ESV Folly is bound up in the heart of a child, but the rod of discipline drives it far from him.
NIV Folly is bound up in the heart of a child, but the rod of discipline will drive it far away.
NASB Foolishness is bound up in the heart of a child; The rod of discipline will remove it far from him.
CSB Foolishness is bound to the heart of a youth; a rod of discipline will separate it from him.
NLT A youngster’s heart is filled with foolishness, but physical discipline will drive it far away.
KJV Foolishness is bound in the heart of a child; but the rod of correction shall drive it far from him.

What does Proverbs 22:15 mean?

Almost no one disputes the fact that children are born in ignorance. Important aspects of life must be taught directly so children don't suffer drastic consequences learning by experience. Good parents use careful discipline to prepare children for various dangers and basic needs. Much more controversial is the truth that humanity is born not only uninformed, but morally crooked. This concept is known as a "sin nature." A common joke is that the only people who don't believe children are born with sin in their hearts are those who have never raised a child. Without being taught, a child will display rebellion, selfishness, greed, and so forth.
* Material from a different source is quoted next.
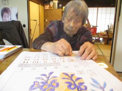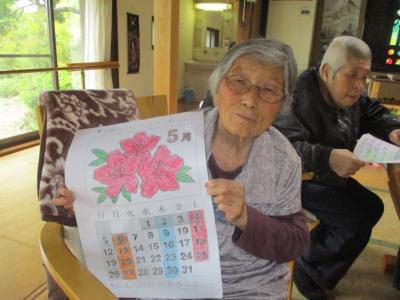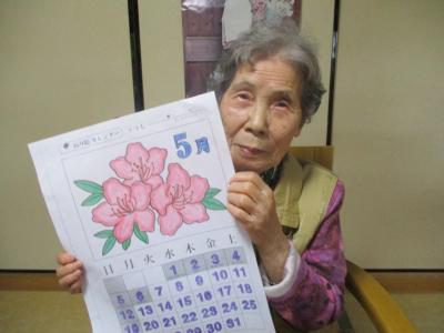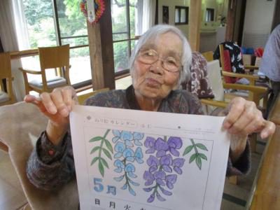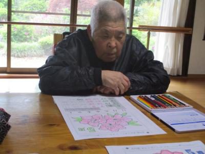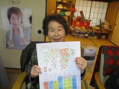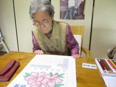 それぞれ、藤やツツジ等のお花のカレンダーを、熱心に塗り始めました!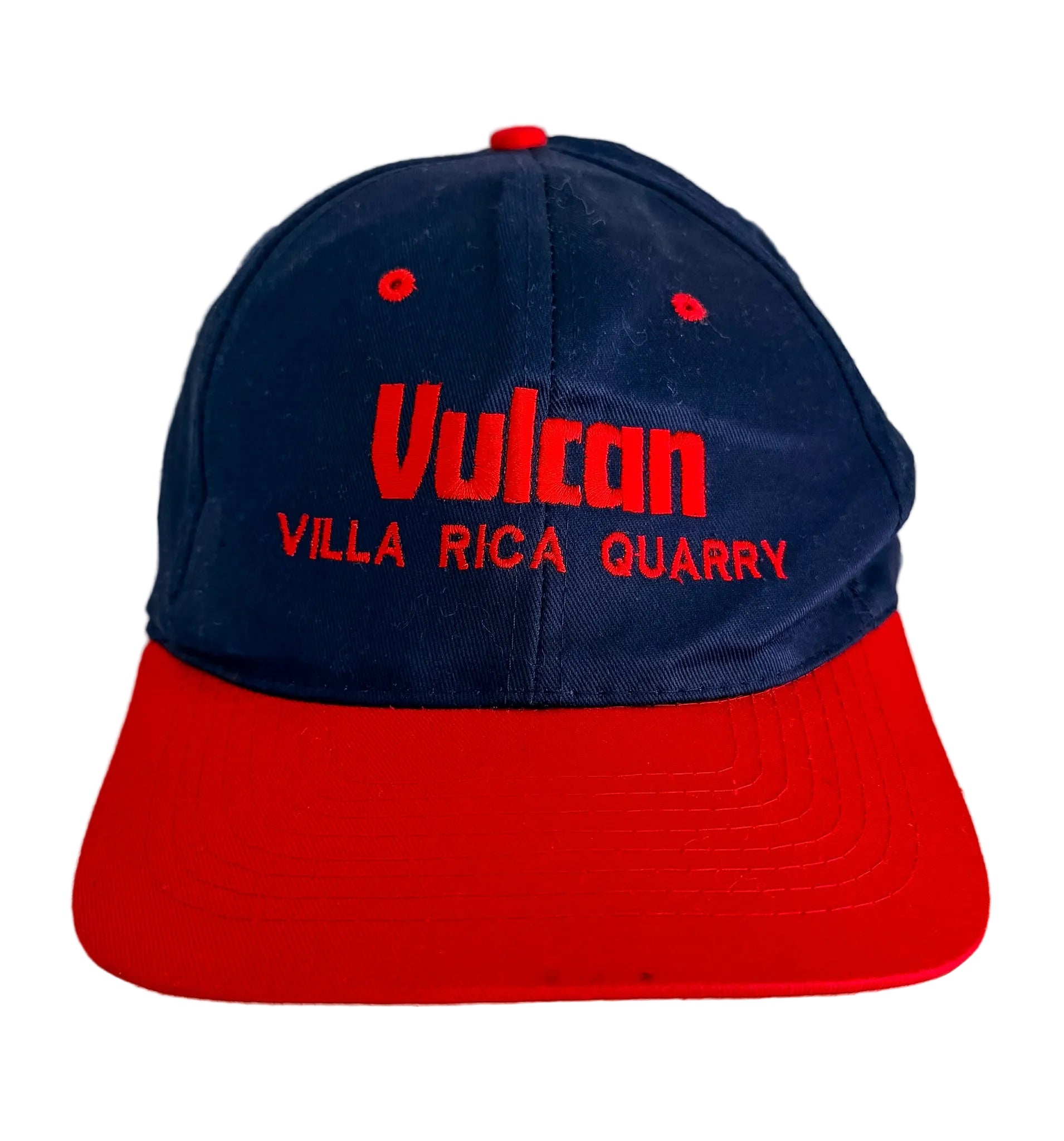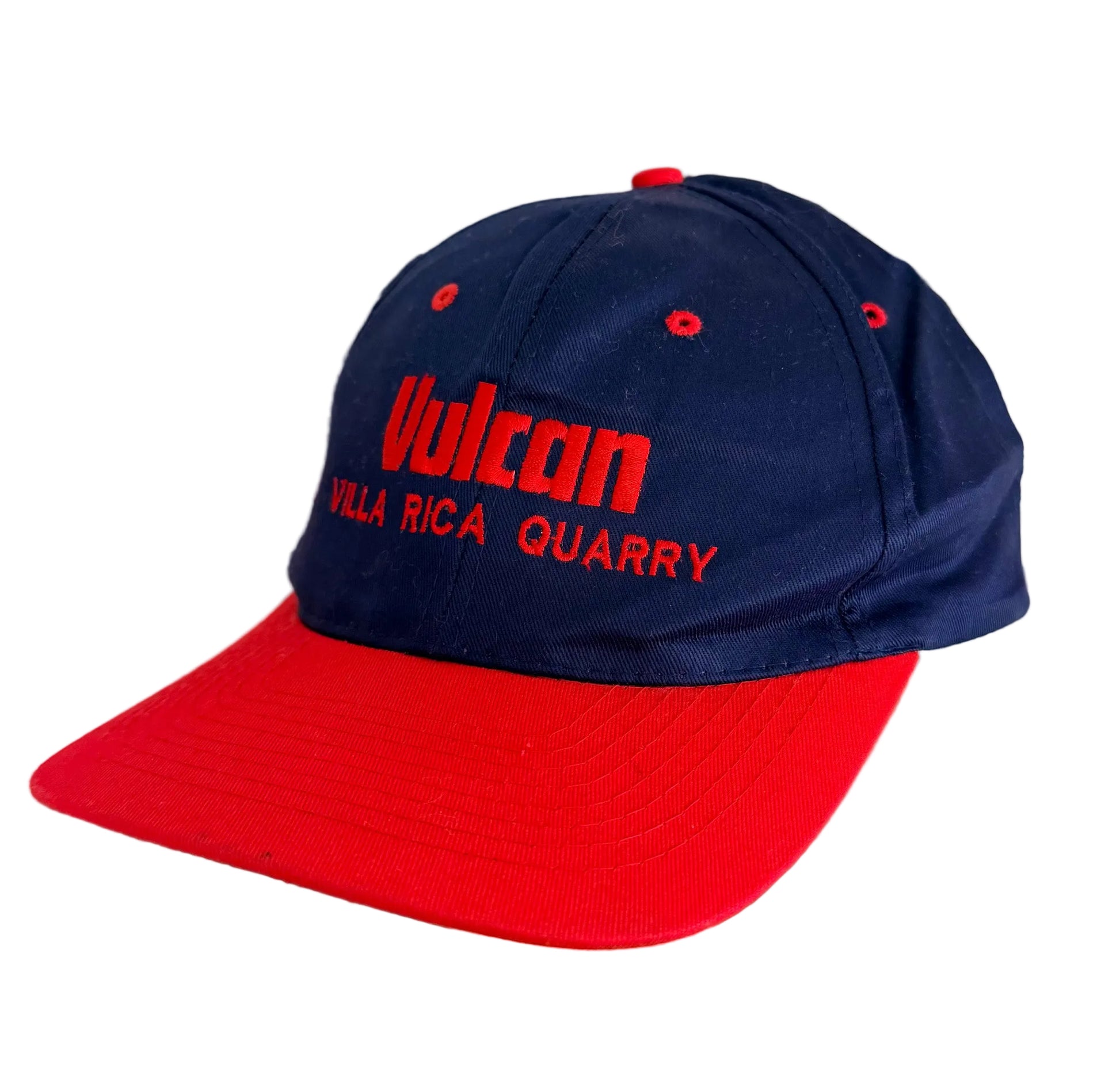 Vintage Vulcan Villa Rica Quarry promotional snapback cap featuring bold embroidered front branding in a striking red and navy colour combination.

David confessed, "Behold, I was brought forth in iniquity, and in sin did my mother conceive me" (Psalm 51:5). Every human being has received a sin nature through the lineage of Adam. Paul writes in Romans 5:12: "Therefore, just as sin came into the world through one man, and death through sin, and so death spread to all men because all sinned." In the book of proverbs, "folly" is not merely a lack of sense or information; it also includes moral and spiritual truths. Loving discipline (Proverbs 13:24; 19:18) moves a child from foolishness and death towards wisdom and life (Proverbs 1:7; 8:34–36). This is presented in a context of love and care, not abuse or carelessness. Parents should choose wisely what form of discipline works best with their children, in each moment, and for each individual child. Corporal punishment—a literal "rod"—may not work as well as depriving a child of some privilege or luxury. In whatever way it comes, discipline must not be overbearing. Ephesians 6:4 exhorts: "Fathers, do not provoke your children to anger, but bring them up in the discipline and instruction of the Lord."

Ultimately, the goal of any such discipline is to guide children towards the only real cure for sin and depravity, which is Christ. Being aware of our limitations is part of understanding our need for a Savior.